Daily photo by Gary Cosby Jr.|
Barbara and Jimmy Smith will be honored at the Art for Heart event Friday night.
Getting to the HEART of the matter
You hold the key to keeping heart in shape; the Smiths learn this lesson the hard way
By Patrice Stewart
Sometimes you feel some symptoms of heart problems, and sometimes you don’t. February is National Heart Month, and Jimmy and Barbara Smith, a couple who have seen both views of heart disease, will be honored tonight at Art for Heart. This art auction at Burningtree Country Club will raise funds for the American Heart Association’s research and education efforts.
Smith said he is an example of the type who sees his doctor regularly for checkups and never felt any symptoms of heart disease. He is a diabetic, too, so he and his diet were under more scrutiny than some.
The owner of Jimmy Smith Jewelers in Decatur went in for his regular physical in October 2000. He recalls that he was getting ready to go on a business trip, but one doctor led to another and he ended up in Birmingham with bypass surgery for five blockages “which I didn’t know I had.”
He passed his stress test in Decatur, he said, but a dye test showed some problems. Decatur did not have heart surgeons at that time, so they gave him a choice of Huntsville or Birmingham.
“I told Dr. (Michael) Wilensky at Princeton (Baptist Medical Center in Birmingham) that he didn’t have to explain everything he was going to do in advance — just fix me up — and he did,” said Smith.
His wife, Barbara, acknowledges having felt some irregular heartbeats of her own before then, and she had tests run and was told she would need a pacemaker.
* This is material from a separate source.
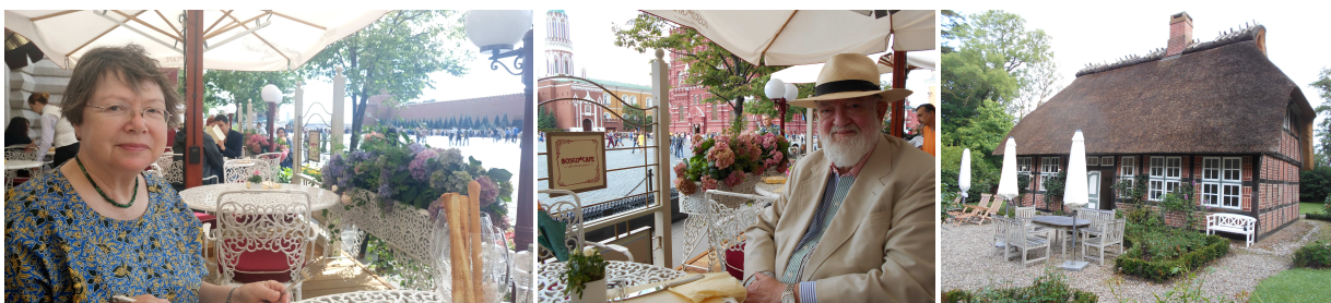
(1–2) Italian lunch on The Red Square. (3) The Herzog retreat !

“But they didn’t say I needed it now,” she recalled. “So when I went down with Jimmy for his surgery, I passed out and they put me in his bed. The cardiologist said I needed to go ahead and do it, so three weeks later I got a pacemaker.”
That wasn’t the end of it, however. Two years later she was walking down a street in New Orleans with a friend and began to feel short of breath and chest pains, so she stopped to rest. Tests showed five blocked arteries, and four needed bypasses, so she got that taken care of exactly two years after her husband’s surgery.
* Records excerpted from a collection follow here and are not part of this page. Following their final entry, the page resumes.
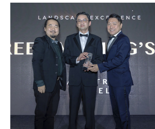
▲ Among The Reef at King's Dock's recent accolades is the Land Excellence award at the EdgeProp Singapore Excellence Awards 2025.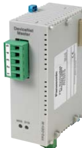
FPΣ FMU DeviceNet: FPG-DEV-M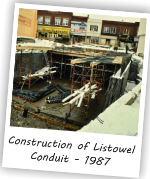
Construction of Listowel Conduit - 1987

1951 - 2026 75 years of watershed conservation. We're celebrating the future of conservation!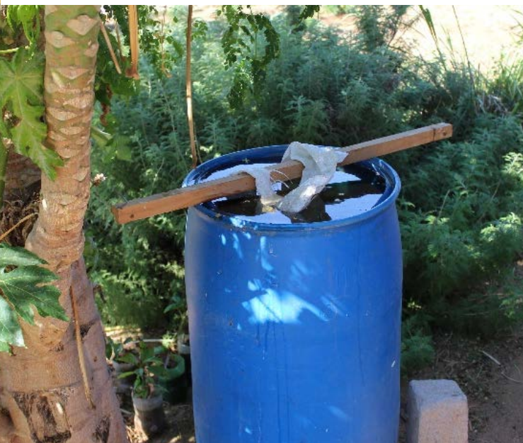
Liquid manure from animals to reduce weed growing in the garden and increase yield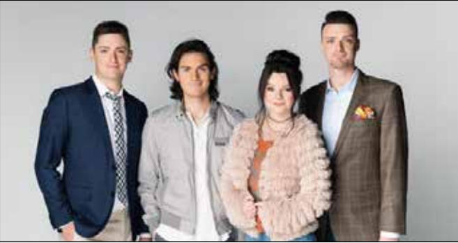
▲ The Erwins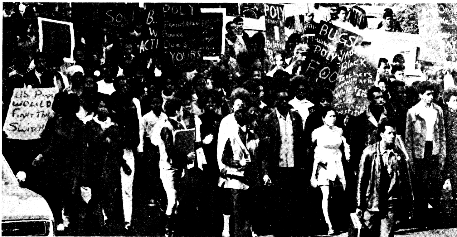
Students at San Francisco Polytechnic High march on City Hall

Over the past year several student groups were organized to improve the conditions at Poly; however they didn't really take hold, and the rotten conditions at Poly persisted.

Both try to watch what they eat and get exercise. He has a walking route near their home in warmer months, while she likes to ride her exercise bicycle at home, which is easier on her bad knee.
“We have always supported Heart Association events,” said Smith, 73, and now they are beneficiaries of the type of research funded by proceeds from the annual Art for Heart and Heart Walk events.
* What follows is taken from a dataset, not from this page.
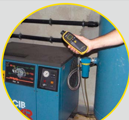
Carbon monoxide level detection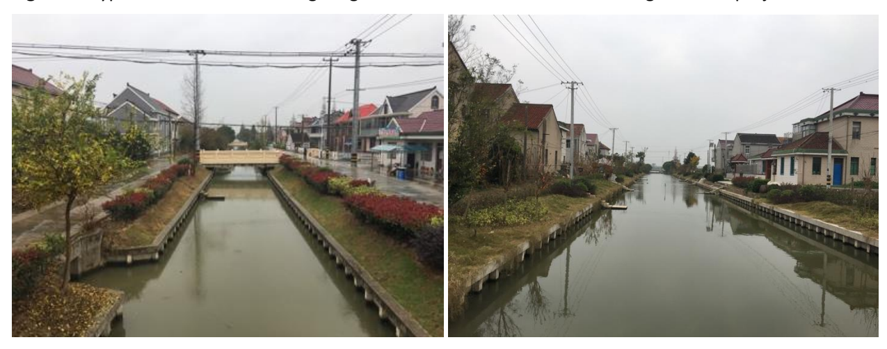
Figure 2. Typical riverbanks of Chongming that have been transformed during the river projects

“We all know heart disease is the No. 1 killer, so I urge others to get to the doctor for checkups, take all the tests and keep a close watch on this,” he said, “because I was walking around with all that blockage and could have dropped dead with a heart attack.”
If you go
What: Art for Heart, a fundraiser held by the Morgan County Art Guild for the American Heart Association
When: Friday, Feb. 9, with silent auction of art by area artists beginning at 7 p.m. and a live auction with Ed Nichols as auctioneer at 8 p.m.
Where: Burningtree Country Club
Admission: $50 per person at the door (no advance reservation needed), including heavy hors d’oeuvres and a ticket for a complimentary wine or beer; a disc jockey will take requests for favorite songs and the dress is casual, said Sissy Graves, co-chair with Sara Watkins.